Commercial Real Estate

Reports indicate that New England’s commercial real estate market improved modestly in recent weeks. Office leasing volume is up in core Boston business zones, but mostly because of lease renewals as net absorption remains close to zero. Providence saw slow but positive net absorption and a pickup in leasing activity in recent weeks. In Portland, no significant absorption is reported but rents appear to have leveled off and some significant deals for downtown office space are under discussion. By exception, market fundamentals are flat in Hartford as business sentiment remains cautious amid uncertainty.

Around the region, investment sales activity is on the rise across most sectors, with multifamily still the most in-demand property class and retail second. Competition for well-leased multi-family properties in prime locations has intensified: financing terms are increasingly favorable and capitalization rates have fallen to as low as 5 percent in some cases. Respondents note a number of modest construction and development projects around the region, including retail construction and speculative (residential) land development in Portland, a significant number of multifamily projects in Boston, and health-care-related activity in Providence.

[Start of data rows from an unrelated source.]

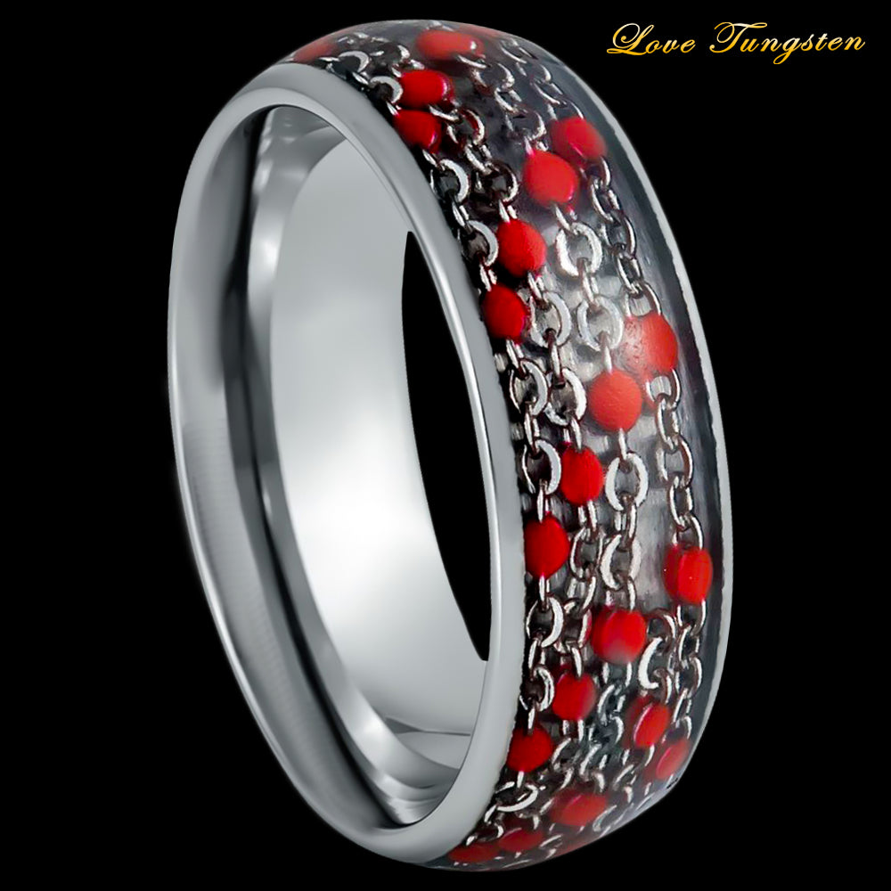 Make a statement with our Dome Ring Cable Chain & Red Beads Inlay Tungsten Ring - 8mm. Whether it's for a special occasion or everyday wear, this ring is sure to add a touch of elegance and sophistication to your style.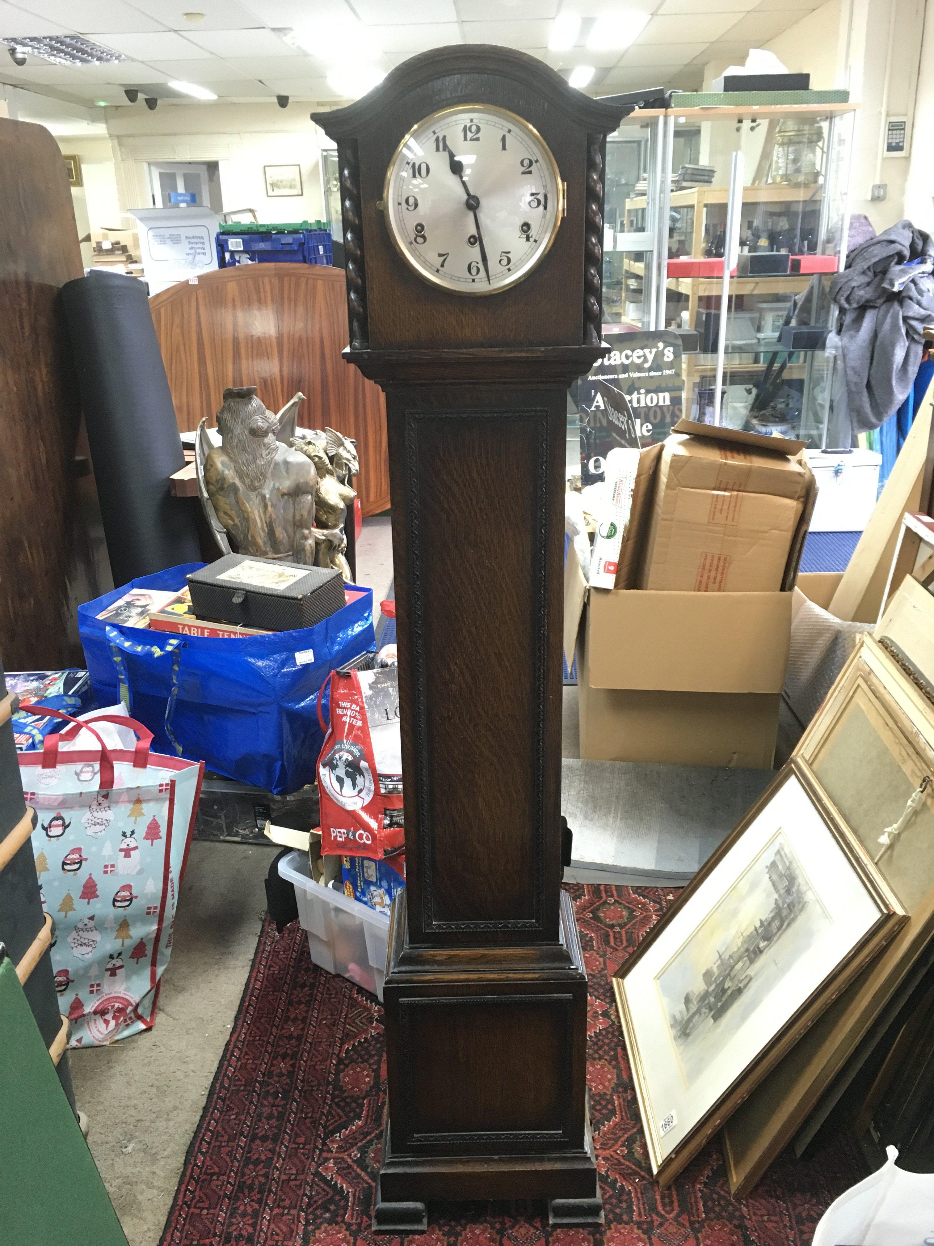 An oak Granddaughter clock ,148cm tall , 31cm wide. NO RESERVE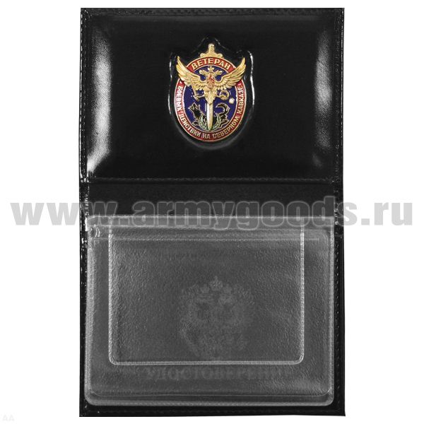 Обложка-книжка кожаная под автодокументы со значком Ветеран боевых действий на Cеверном Кавказе
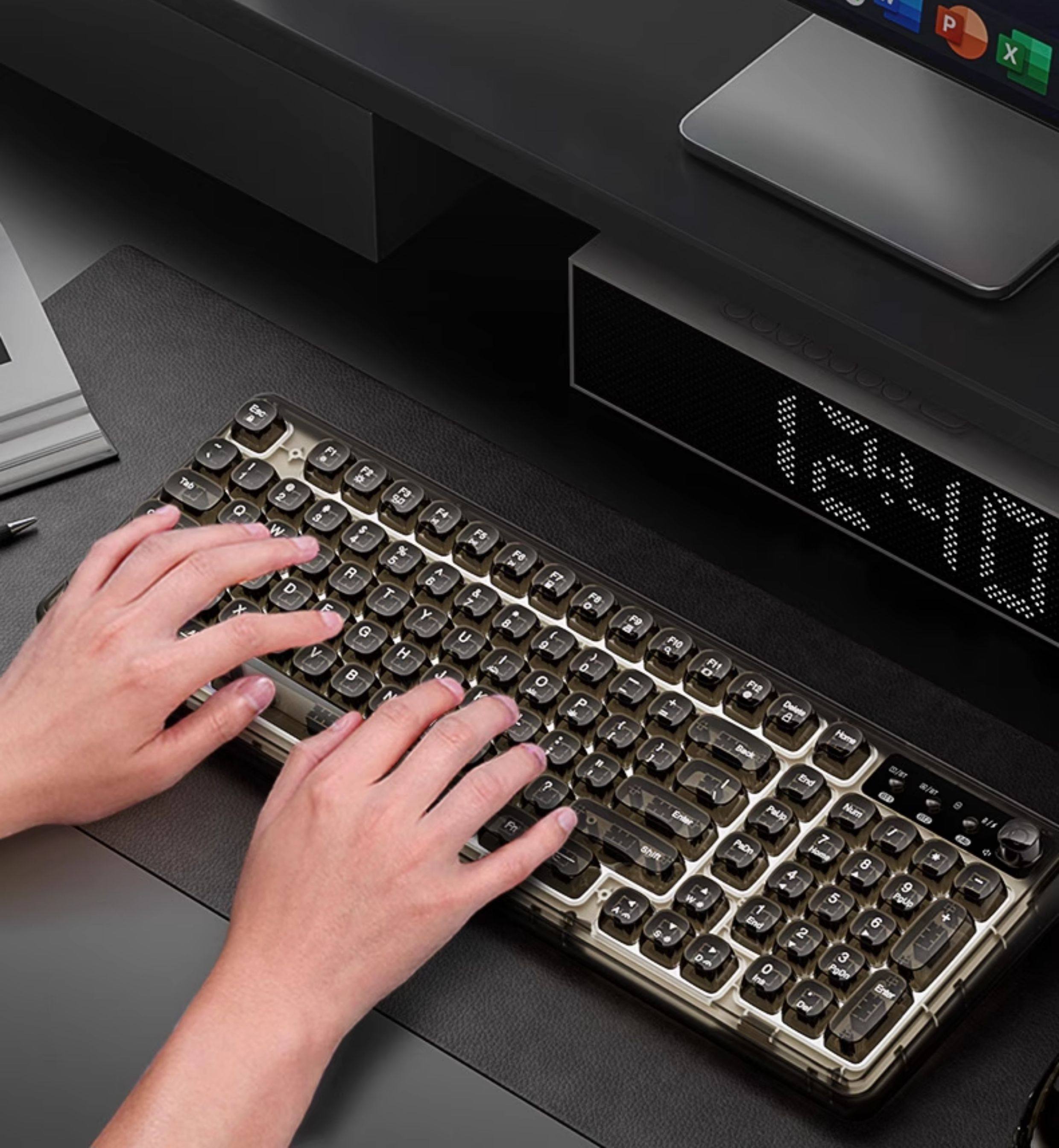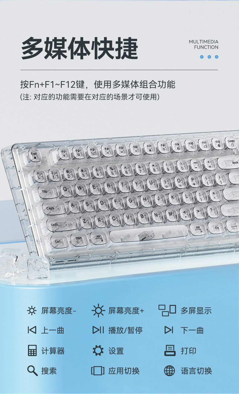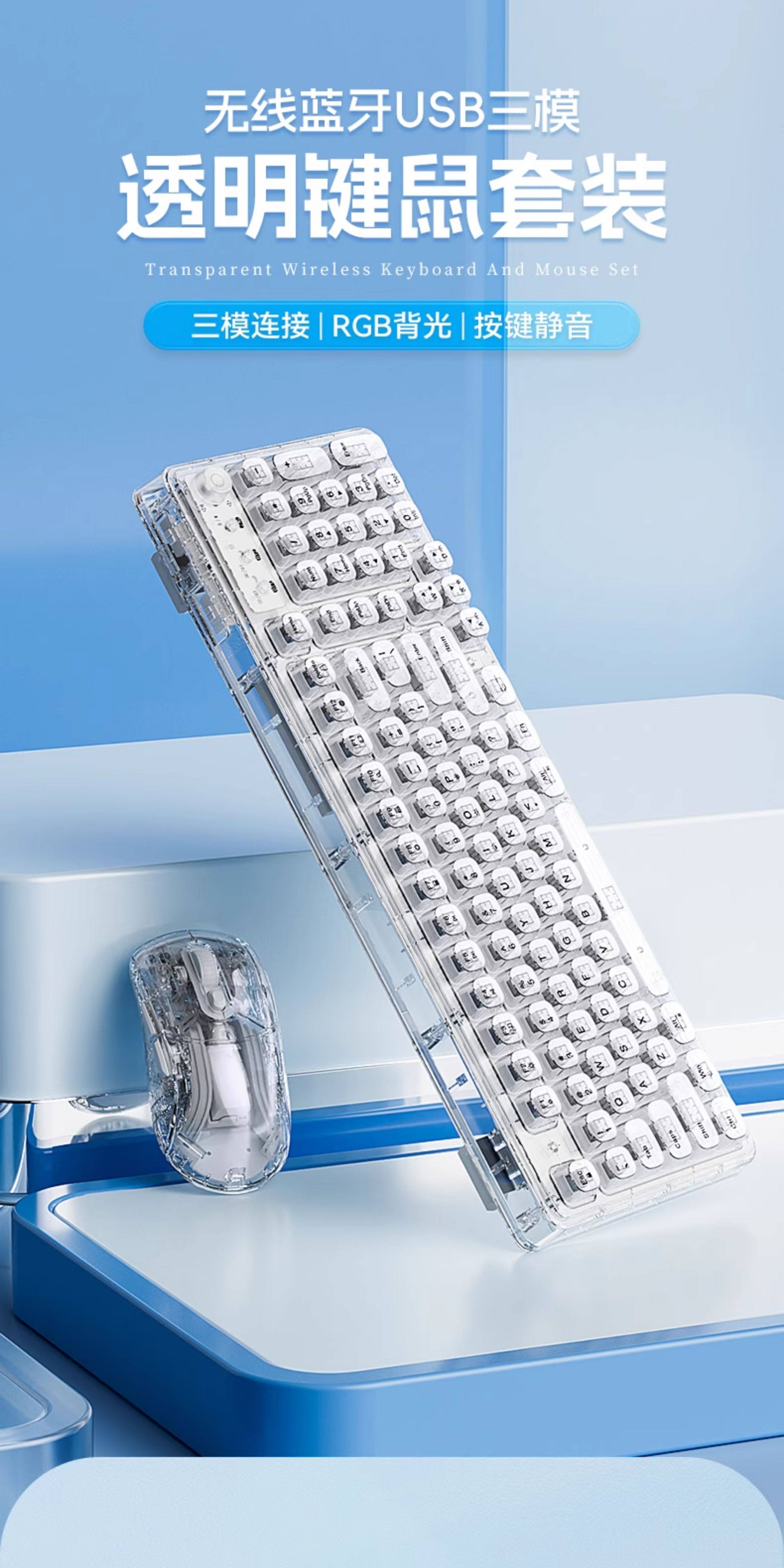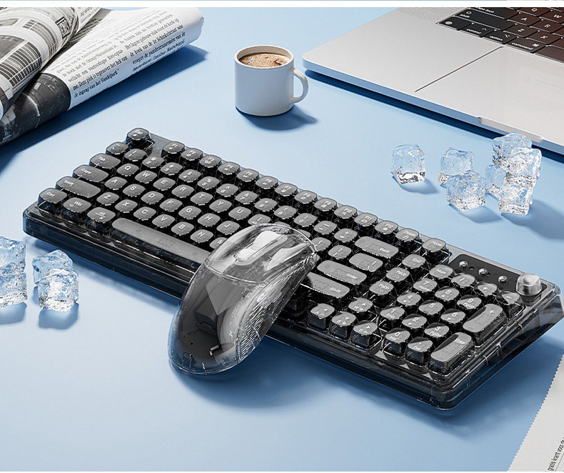 Mengzu Z99 Wireless Bluetooth Transparent Ice Cube Keyboard and Mouse Set Mechanical Computer Keyboard and Mouse for Girls Office Silent

Boston contacts are moderately optimistic but do not expect growth to result in substantial net absorption during the next six to 12 months. Risk of further downward pressure on office rents in Boston’s financial district continues, reflecting both high vacancy rates and a downward shift in the cost basis among properties recently sold at discounts. A Providence contact, while quite optimistic in the near term, sees some vacancy risks on the horizon in two to three years. Portland’s outlook is more upbeat than in the last report, based on talk of growing investor interest and potential leasing demand. The outlook for Hartford remains uncertain and our contact is not willing to bet on robust growth in the near future. Residential Real Estate

Home and condos sales in the First District declined again in September on a year-over-year basis. Contacts throughout the region continue to attribute the declines to the expiration of the tax credit, along with job insecurity and more general economic uncertainty. Respondents expect year-over-year monthly declines for the rest of the year and worry that 2010 sales will be lower than 2009. At the same time, the median price of homes and condos is edging up in most parts of the region. Some contacts say the rise in the median price is due to increased activity in higher-end properties, not to a broad increase in home prices. Inventory continues to climb throughout the region; most contacts see these increases as a positive development because the number of properties for sale has been very low. Contacts do not expect strong activity to return to the region’s housing markets until consumer confidence improves.